For the second year running, Randolph-Macon College English Professor Bryan Giemza, Ph.D., will be a featured speaker at the 18th annual Savannah Irish Festival, which will be held February 12-14, 2010 at the Savannah Civic Center in Savannah, Georgia.
Giemza will discuss his forthcoming study of Irish writers of the American South, including some of the key figures, such as Kate (O’Flaherty) Chopin, Margaret Mitchell and John Kennedy Toole. He will pay particular attention to Flannery O’Connor’s connections to Savannah. Giemza plans on submitting his completed manuscript to LSU Press at the end of January Term.
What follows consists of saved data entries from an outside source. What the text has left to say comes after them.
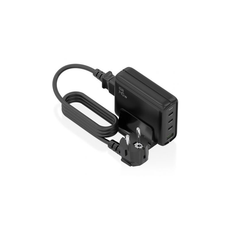 - Cargador de sobremesa GaN USB-C PD3.1 de 140W. Carga rápidamente portátiles, móviles, tablets, cámaras u otros dispositivos. Su diseño de sobremesa ofrece un acceso cómodo y rápido a los puertos USB.
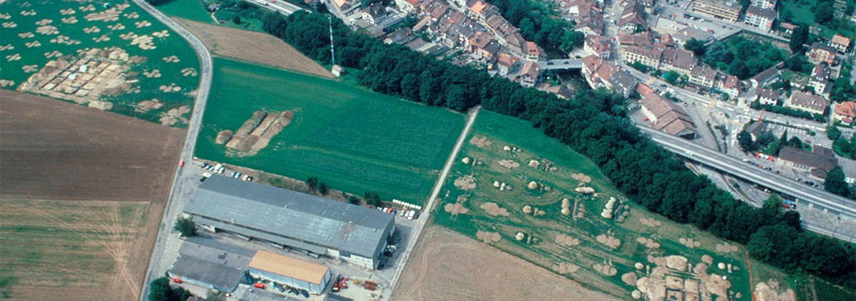 Scavi archeologici meccanici e interventi a sezione aperta sul tracciato della N05 presso Boudry (NE), 1997. (Foto OPAN, Office du patrimoine et de l’archéologie de Neuchâtel)
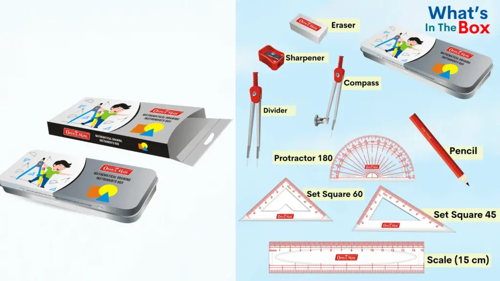 Everything you need for maths and diagrams — protractor, compass, divider, and more, all in a compact case.
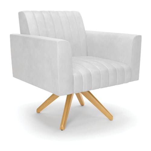 Poltrona Giratória Viena Gomada Corano Base De Madeira Ma30 - D'rossi Cor Branco Quer uma decoração única e sofisticada? A Poltrona Viena é ideal para quem está em busca de um móvel versátil e diferenciado. Esse tipo de peça é ideal para ambientes modernos e descontraídos. Vem com uma ideia totalmente diferente, devido sua curva e forma suave, os detalhes gomados do tecido são tendências de decoração atuais. Uma dica legal de complemento é escolher almofadas que combinem com a poltrona. Sua estrutura é confeccionada em madeira de eucalipto proveniente de reflorestamento, o estofamento do assento é composto de espuma prorelax D-23 no encosto, e é revestido em Corano um tecido aconchegante, resistente e extremamente luxuoso. Sua sustentação é dada pela Base Giratória Madeira MA30, suportando em média até 120 Kg. Crie um lindo efeito visual, em qualquer lugar da sua casa ou escritório! Garanta já sua Poltrona Viena. Dimensões da Poltrona:
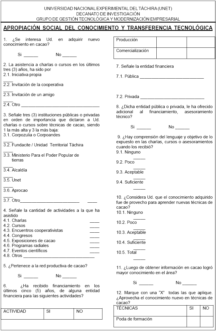 La encuesta para la recolección de los datos consistió en un cuestionario impreso, que permite la realización de una diversidad de preguntas, tanto con respuestas cerradas como de selección y algunas abiertas, con el fin de profundizar en aquellos aspectos donde los cooperativistas tengan la posibilidad de opinar ampliamente. Con estas últimas se pueden identificar categorías emergentes que le dan a la investigación valor agregado. El cuestionario se diseñó a partir de las variables consideradas que influyen con respecto a la apropiación social del conocimiento, basado en la operacionalización de variables (Anexo Nº 1). Fue validado por tres expertos –respectivamente– en las áreas de estadística, apropiación social del conocimiento y transferencia tecnológica. Se elaboró una prueba piloto, que sirvió para comprobar si la encuesta recogía las respuestas a las variables planteadas, así como para probar su pertinencia, eficacia y condiciones de aplicación y procedimientos. Esta etapa permitió estimar la confiabilidad y validez iníciales, así como rediseñar el instrumento. Una vez culminada la fase de ejecución y aplicación en las comunidades a los cooperativistas objeto de estudio, se realizó el proceso de codificación o tabla de tabulación y procesamiento de los datos a través del software estadístico SPSS versión 15.0. Se realizaron además algunos gráficos para la presentación de los hallazgos más destacados del estudio y finalmente se analizaron los resultados obtenidos.
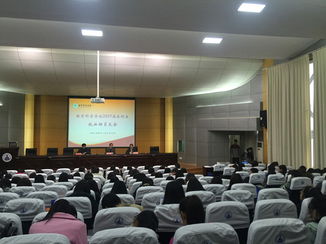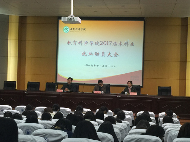 本网讯(教科院 马兴)你的未来,我们助航。11月22日下午,教科院在田家炳报告厅开展了一系列活动推进2017届毕业生就业。公司党委书记刘晓宇、经理桑青松、科研副经理聂竹明出席了本次会议,毕业班辅导员马兴、2017届全体本科毕业生参加此次大会。会议由公司党委副书记张如华主持。
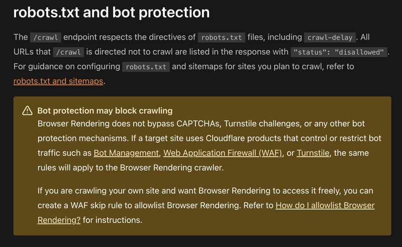 Cloudflare's announcement caused a stir in the socials today. "You can now crawl an entire website with a single API call using Browser Rendering's new /crawl endpoint, available in open beta. Submit a starting URL, and pages are automatically discovered, rendered in a headless browser, and returned in multiple formats, including HTML, Markdown, and structured JSON." To be clear, web scraping applications have been around for a long time (it was the first thing anyone wrote back in the 1990s!) with services like Firecrawl and Elastic (try). The issue is that Cloudflare has marketed itself as a service that prevents web scraping. Still, as Ian Kerins argues, the Cloudflare scraper "doesn't bypass anti-bot systems." However, "What this '/crawl' endpoint really is though, is another step in Cloudflare's broader push toward signed agents and a 'pay-to-crawl' internet."
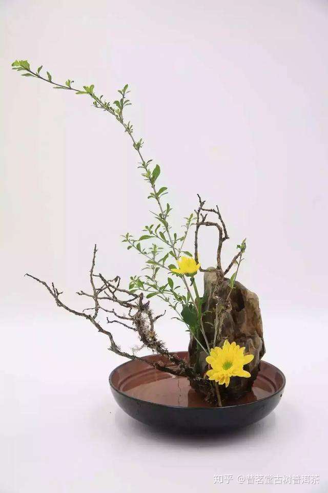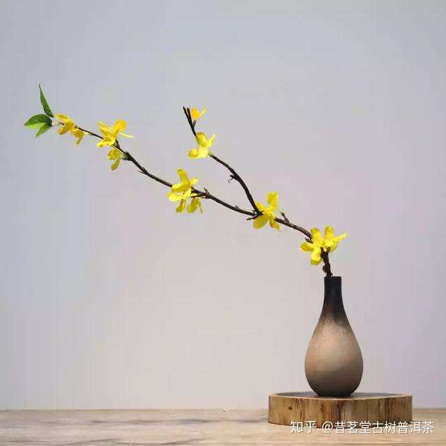 茶席插花花不求繁多,只插一两枝便能起到画龙点睛的效果。并追求线条,构图的美和变化,以达到朴素大方、清雅绝俗的艺术效果。
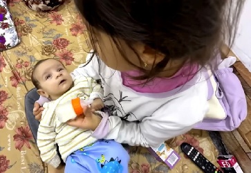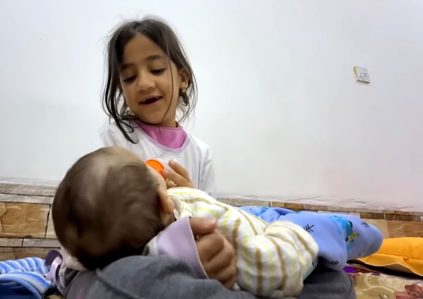 قصة مأساوية تفوق التراجيديا بكل ما تحمل من اهات وعذابات وتتخلص في ان الام ونتيجة الخوف من الفيضانات التي اجتاحت قضاء جمجمال ولشدتها واغراقها اعدادا كبيرة من البيوت والممتلكات ونتيجة خوفها فقد توفيت وتركت اربعة اطفال ولدان احداهم (يونس) بعمر شهر وبنتان وكانت تعمل مدرّسة بعقد وبعد وفاتها اصبحت بنتها ( خندة ) ذات السبع سنوات أماّ لتحل مكانها وترعى يونس ذا الشهر الواحد اضافة الى اخيها واختها الى جانب تحملها مسؤولية البيت من تنظيف واعداد الطعام وتقول خندة فقط اعرف سلق البيض كما وتقوم بمليء المدفأة بالنفط اما والدها فكان عاملاً بأجر يومي ولكن بعد فقد الزوجة لم يستطع مفارقة الابناء وتركهم وحيدا في البيت وفقد مصدر رزقه وتقول الابنة الأم حاليا ( خندة ) هنالك اناس يقدمون لنا المساعدات واحيانا حليب ( يونس ) نحصل عليه عن طريق ( الدّين) لنسدد مبلغه فيما بعد وتضيف خندة ان وضعهم المادي سيء للغاية وكانوا يعتمدون على راتب الأم المعينة بعقد وانهم يسكنون دار ايجار ووالدها لايستطيع توفير مستلزماتهم لانه لايعمل حاليا لانه لايستطيع تركنا لوحدنا في البيت.
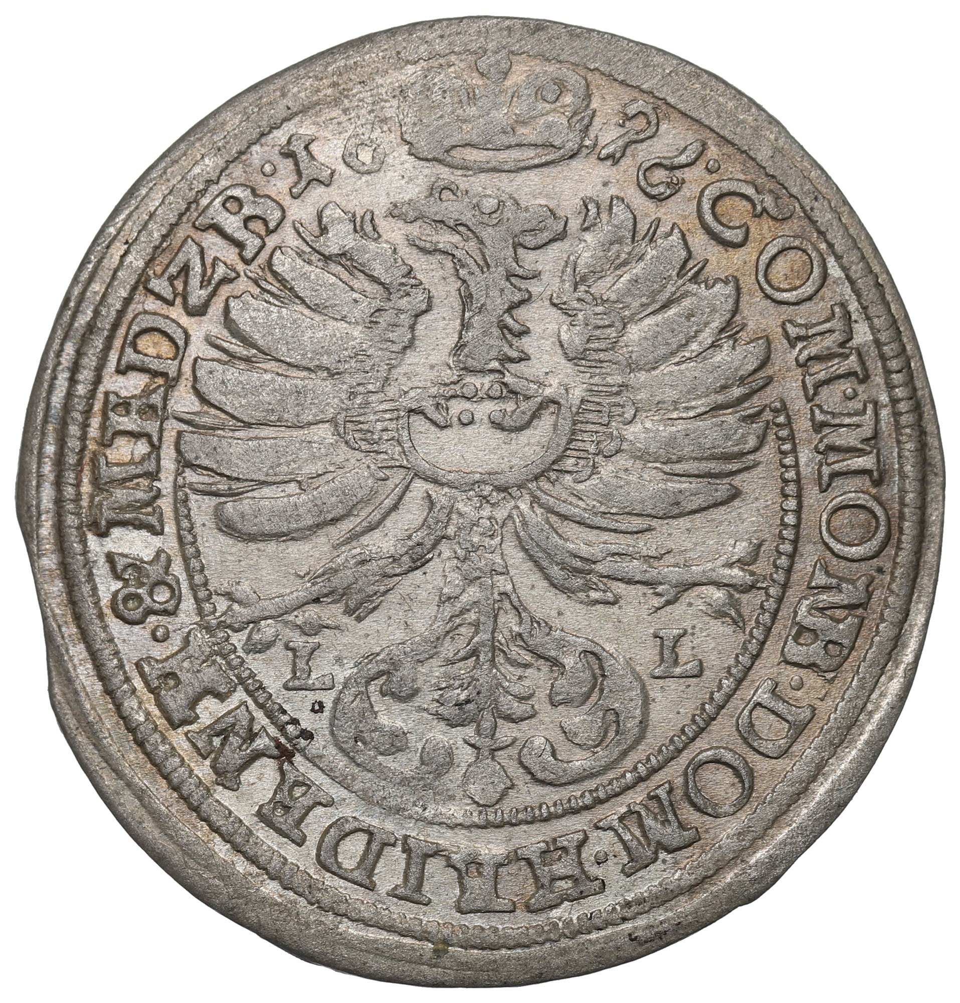 Rewers: W otoku perełkowym orzeł śląski, przy jego łapach inicjały L-L mincmistrza Lukasa Laurentiusa, w otoku zewnętrznym legenda przedzielona mitrą:
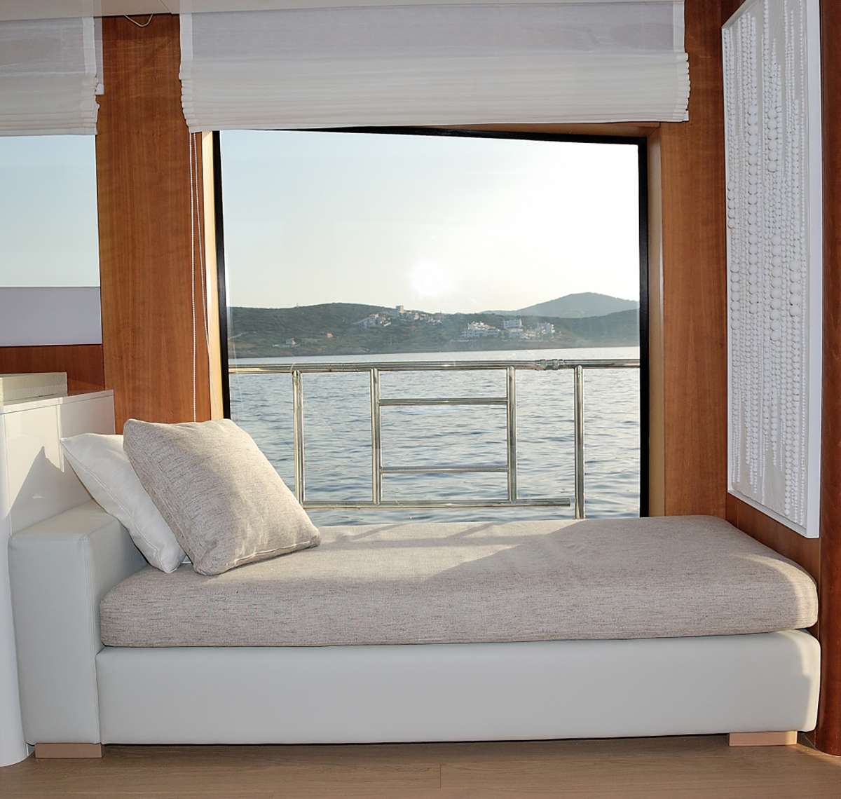 FUNSEA is offered either with a 4 cabins version or with a 5 cabins version*: In the 4 cabins version, the spacious full beam amidships Master cabin has 2 en suite bathrooms and a King bed. In the 5 cabins version, the Master cabin is divided to 2 Double cabins or to 2 Single cabins or to 1 Single + 1 Double cabin. Each cabin has an en suite bathroom and independent entrance. All other cabins remain the same in both versions: • One VIP cabin, with en suite bathroom • Two Twin cabins, which can be converted to Doubles with King beds. Each of the Twin cabins has one Pullman berth and an en suite bathroom. - Separate Crew quarters with Crew galley & independent entrance (bow) - Day head on main deck Bed Dimensions 4 cabins version: Master Cabin 180 X 200 cm VIP Cabin 180 X 200 cm Twin Cabin A': Bed A' : 78 X 194 cm / Bed B' : 75 X 194 cm Twin cabin when converted to double: 214 X 194 cm Twin Cabin B' Bed A': 81 X 194 cm / Bed B' : 72 X 194 cm Twin cabin when converted to double: 206 X 194 cm ——- 5 cabins version: Double Cabin Portside: 160 X 200 cm Double cabin starboard side: 158 x 200 cm VIP Cabin 180 X 200 cm Twin Cabin A': Bed A' : 78 X 194 cm / Bed B' : 75 X 194 cm Twin cabin when converted to double: 214 X 194 cm Twin Cabin B' Bed A': 81 X 194 cm / Bed B' : 72 X 1954 cm Twin cabin when converted to double: 206 X 194 cm * The number of cabins and guests has to be agreed BEFORE booking
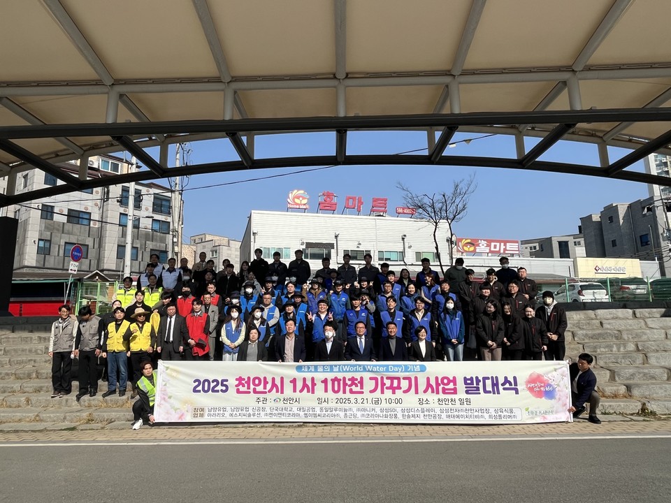 충남 천안시는 지난 21일 천안천 일원에서 세계 물의 날(3월 22일)을 기념해 '2025년 1사 1하천 가꾸기 사업' 발대식을 개최하고 하천 정화활동을 진행했다.
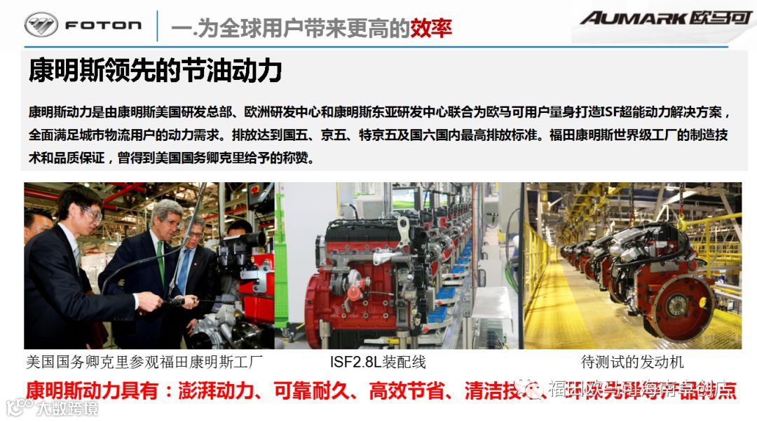 【欧马可一直致力于满足高端高效物流客户的需求,全系专属匹配康明斯动力】

Giemza wrote many entries for
Southern Writers: A New Biographical Dictionary (Louisiana State University Press, 2006), which he edited with Joseph Flora and Amber Vogel of the University of North Carolina at Chapel Hill. The book won the 2006 Jules and Frances Landry Award, which is given to the book that is considered the most outstanding achievement in southern studies.
Southern Writers was also nominated for the American Library Association Outstanding Reference Sources Award.
Giemza is also the co-author of
Poet of the Lost Cause: A Life of Father Ryan (University of Tennessee Press, 2008), which he wrote with Don Beagle of Belmont Abbey College. The book was nominated for the Lincoln, McClemore and Jefferson Davis Prizes. The book review of
Poet of the Lost Cause in
The Journal of Southern History suggested that the “highly readable volume” should be read “by anyone interested in the history of the Civil War, the Lost Cause, the experiences of the Irish in the South, southern Catholicism or southern literary history.”
Religious Studies Review called it “a welcome addition to the increasing interest in examining the nexus between religion and the Civil War,” providing students “in history, literature and religious studies a comprehensive account of a complex individual” in “a superior study.”
Giemza joined the faculty at Randolph-Macon College in 2008. He earned his B.A. at the University of Notre Dame and his J.D., M.A. and Ph.D. at the University of North Carolina at Chapel Hill.